I worry that treatment will kill him and really screw up his quality of life. Now, to Dr. Hartman’s credit, the radiology oncologist, he alluded (almost directly stated) to the fact that Dave can make choices on his treatment. I conclude that doctors in healthcare know treatment. Health Care. Not death care. I wonder what triggers the discussion about our options from their point of view? I see “the hospice conversation” as options, informed patient, Quality of Life, and choices issues. Maybe, for me at least, this knowledge could lead us to an opportunity to manage his time in a way that has the most dignity for him every step of the way, beginning with the diagnosis..

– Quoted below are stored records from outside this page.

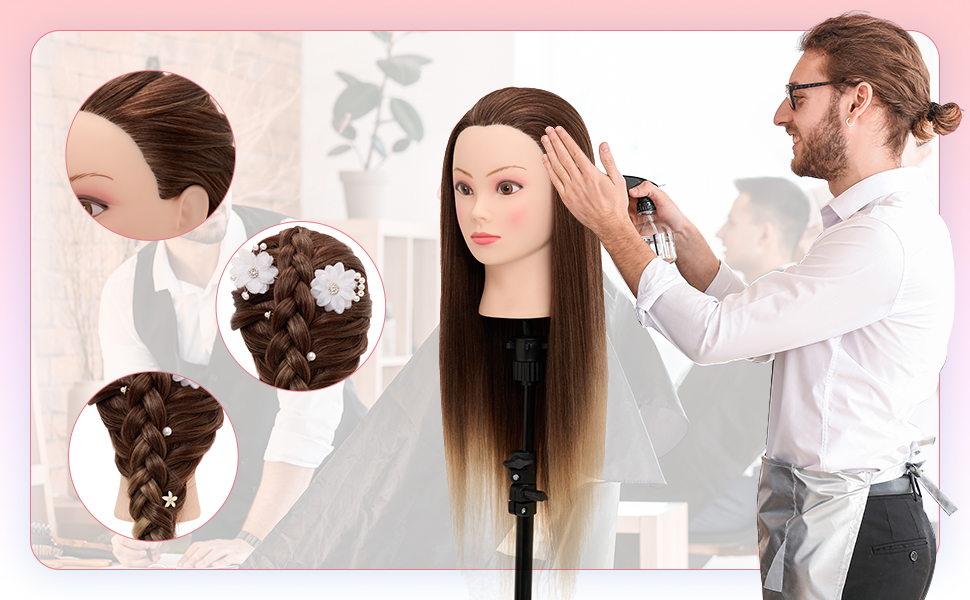 Breite Anwendung: Der Friseurkopf ist ein großes Geschenk für Ihre Tochter, Kosmetikstudenten, Friseure, Friseur, Friseur, Saloon Shops und Anfänger Mutter, um Frisuren zu üben. Es kultiviert praktische Fähigkeiten und entwickelt die Vorstellungskraft Ihres kleinen Mädchens.
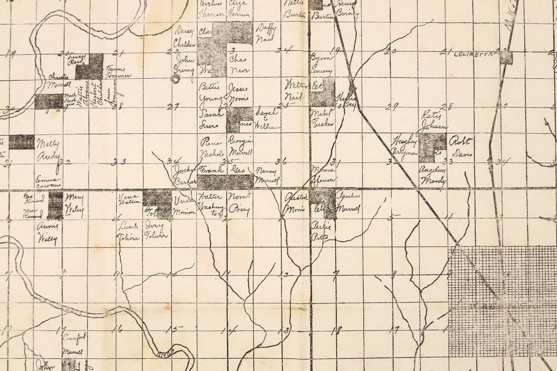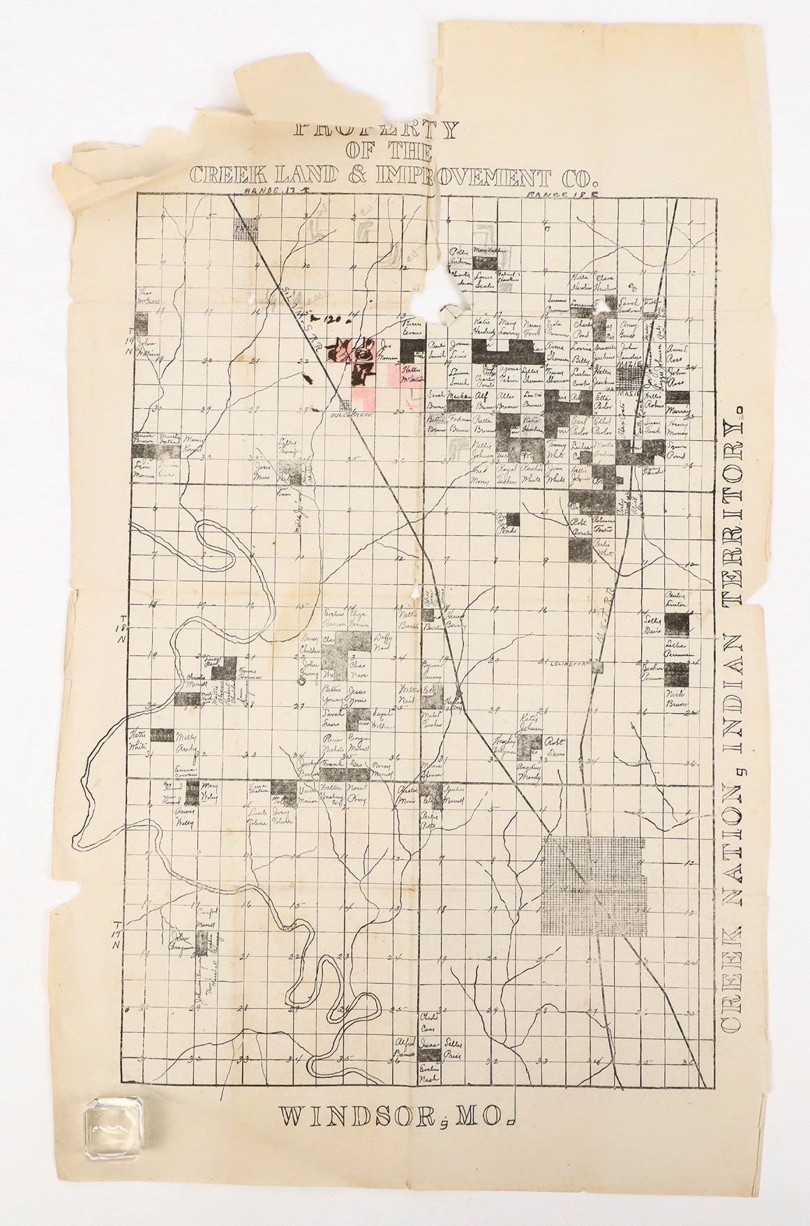 Creek Land & Improvement Indian Territory Map, Windsor, Missouri. Possibly c1899. 12x21 ". Very delicate cond. Some tears and has been folded extensively. Map w/names on land plots.
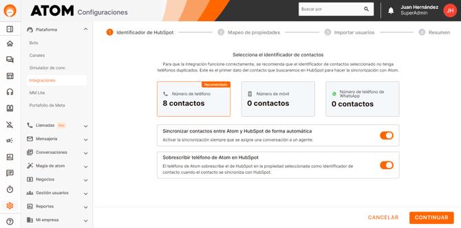 IMPORTANTE: No se traerán todos los contactos del CRM automáticamente a la plataforma, ni todos los contactos de la plataforma serán enviados al CRM. Esto sólo sucederá cuando sean asignados a un agente del lado de Atom, o cuando haya una actualización del lado de HubSpot, ya sea a través de workflows, webhooks, plantillas, o la actualización de algún dato como el número de teléfono, el nombre o el lifecycle stage. Este tipo de eventos si hacen que se creen clientes en Atom desde el CRM.
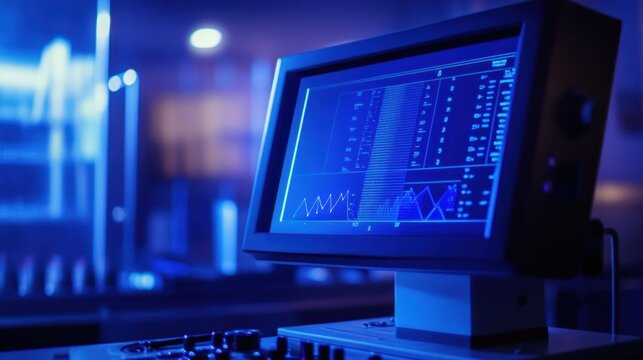 High tech laboratory screen displays complex data and graphs. The blue lit environment emphasizes a scientific and technological atmosphere, ideal for research and analysis
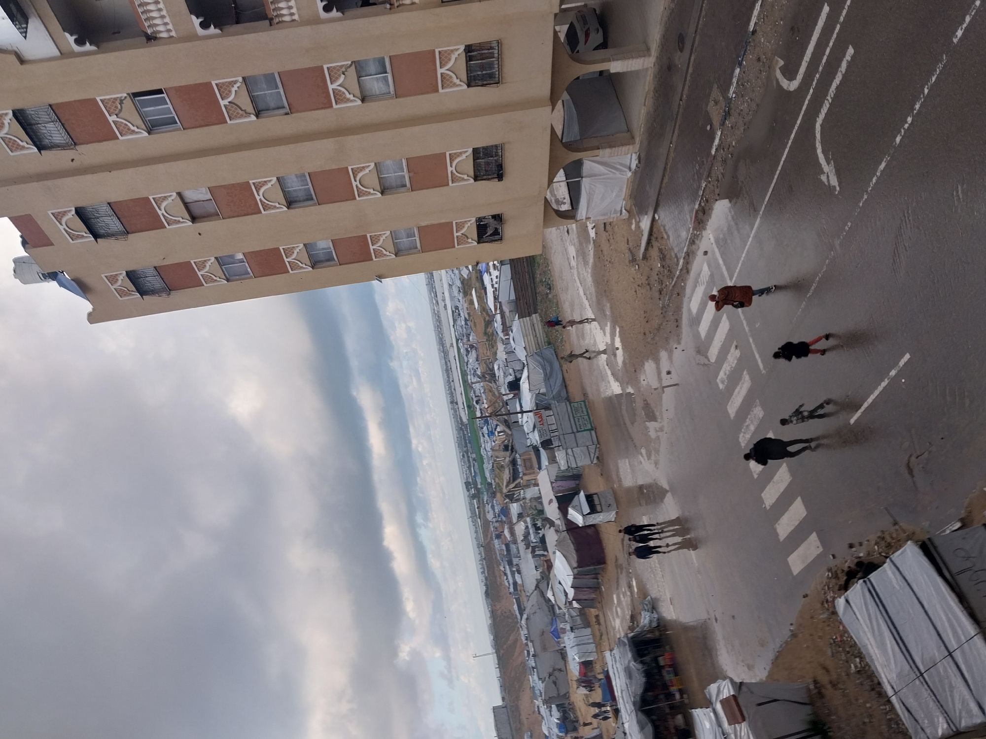 An elevated view captures a street scene in Khan Yunis, Palestinian Territory, under an overcast sky with heavy clouds. The ground is wet with numerous puddles, indicating recent rain. To the right, a multi-story, light beige building with reddish-brown vertical panels and decorative white window frames dominates the foreground. Its ground floor features an open archway design, under which a white sedan is parked and white tarpaulin covers are present. Windows on the building are visible, some fitted with dark security grates. A white water tank is on the building's roof. To the left and stretching into the background, a sprawling encampment of temporary shelters is visible, consisting of various tents, tarpaulin structures, and makeshift dwellings. This tent city extends across a muddy, uneven landscape towards a distant horizon. Small figures are discernible moving within the camp. In the mid-ground, a dark asphalt road, wet from rain, runs horizontally. It features white painted markings, including a clear crosswalk (zebra crossing) and a white right-turn arrow. Puddles are scattered across the road surface and adjacent muddy areas. Several individuals are present on the road and nearby ground. In the immediate foreground on the road, a person in dark clothing walks left on the crosswalk, with a child in a plaid shirt trailing behind, walking right. Further right on the road, another person in a brown jacket walks right, and a person in a dark top and red pants walks left. Three men in dark clothing are observed walking together amidst puddles near the edge of the tent city in the mid-ground. Other smaller figures are seen walking within the distant parts of the tent encampment. Debris and muddy patches characterize the unpaved areas surrounding the tents and road.

There are all sorts of articles and statistics about the underutilization of hospice, and how few people, actually families, take advantage of the services in a timely manner during as health declines. This is where I walk the line of wife – wanting Dave’s best months, and years, to be full of life – and the work I do in SFH, as well as provide hospice respite care.  I’ve gone through two extensive volunteer trainings – one hospice, one bereavement – yet I am struggling to figure out how to decide when these conversations on death, on hospice, and on quality of life should start? All I understand is that the decision for hospice in particular is made as a referral from the doctor. My training is on the other end, after the decisions.  Is talking about choices too far in advance (whenever that is) a problem to actual healthcare? What’s the first step? And who holds your hand to get started?

For several years I’ve had professional connections with senior organizations and business development networks. This is one reason I am fortunate to have the access to the advisers I do. I have had many breakfast meetings with them all. Dave and I are not just clients to see once a year or less, but I can call and know they know me. These are relationships I can count on.

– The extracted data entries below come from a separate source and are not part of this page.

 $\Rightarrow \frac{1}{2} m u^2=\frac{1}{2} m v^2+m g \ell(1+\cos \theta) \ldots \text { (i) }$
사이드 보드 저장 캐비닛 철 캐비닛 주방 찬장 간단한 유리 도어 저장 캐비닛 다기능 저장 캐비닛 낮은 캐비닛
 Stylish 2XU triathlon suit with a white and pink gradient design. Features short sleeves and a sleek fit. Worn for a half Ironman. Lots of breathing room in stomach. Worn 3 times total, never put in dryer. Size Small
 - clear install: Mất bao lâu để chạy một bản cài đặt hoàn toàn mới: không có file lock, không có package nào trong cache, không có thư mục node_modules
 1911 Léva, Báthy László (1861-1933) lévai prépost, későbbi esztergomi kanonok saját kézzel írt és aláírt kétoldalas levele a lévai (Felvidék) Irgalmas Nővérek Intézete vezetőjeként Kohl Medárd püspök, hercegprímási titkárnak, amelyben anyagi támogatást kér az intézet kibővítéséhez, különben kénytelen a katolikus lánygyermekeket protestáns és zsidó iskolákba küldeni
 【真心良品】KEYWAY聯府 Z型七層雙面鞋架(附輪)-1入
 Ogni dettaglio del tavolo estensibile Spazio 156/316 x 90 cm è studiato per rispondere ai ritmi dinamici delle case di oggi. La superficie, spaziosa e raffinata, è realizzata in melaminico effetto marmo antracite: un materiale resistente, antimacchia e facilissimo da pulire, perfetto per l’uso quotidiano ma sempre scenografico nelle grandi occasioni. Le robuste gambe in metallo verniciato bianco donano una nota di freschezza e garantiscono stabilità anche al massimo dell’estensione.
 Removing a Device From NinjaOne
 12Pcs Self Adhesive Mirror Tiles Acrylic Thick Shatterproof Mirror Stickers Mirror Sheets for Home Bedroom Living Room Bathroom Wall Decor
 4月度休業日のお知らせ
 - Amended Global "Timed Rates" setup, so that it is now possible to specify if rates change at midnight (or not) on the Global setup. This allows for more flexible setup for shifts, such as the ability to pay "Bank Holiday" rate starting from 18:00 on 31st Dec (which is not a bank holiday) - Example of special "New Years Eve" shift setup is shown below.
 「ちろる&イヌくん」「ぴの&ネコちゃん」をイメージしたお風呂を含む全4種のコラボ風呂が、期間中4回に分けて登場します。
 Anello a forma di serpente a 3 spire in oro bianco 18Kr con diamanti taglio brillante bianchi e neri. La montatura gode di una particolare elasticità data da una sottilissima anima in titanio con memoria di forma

Among those people funeral homes are represented. This is the area of pre-planning that I/we haven’t done. I do have a workbook somewhere in my files. This is due diligence whose time has come. If nothing else it will help me begin to know what I don’t know. I wish I had completed this three or four years ago. During my bereavement volunteer training we toured a beautiful cemetery along with crypts, graveyards, rose gardens, crematorium, discussion on funeral and death rituals, customs and walks around the grounds. Demystifying this “place” was very comforting. I was disappointed that we were unable to go through their casket showroom. That sounds strange! I’ve never liked funerals, and don’t attend very many. But this helped me see the bigger picture of ceremony in a new light and the longer range implications for mourning and grief.

Talking about death, desires, and quality of life does not precipitate a quicker ending to life. Somehow, emotionally, it is all so morbid as to be off limits to most family and public dialogue! Maybe there is a way we can learn how to talk together.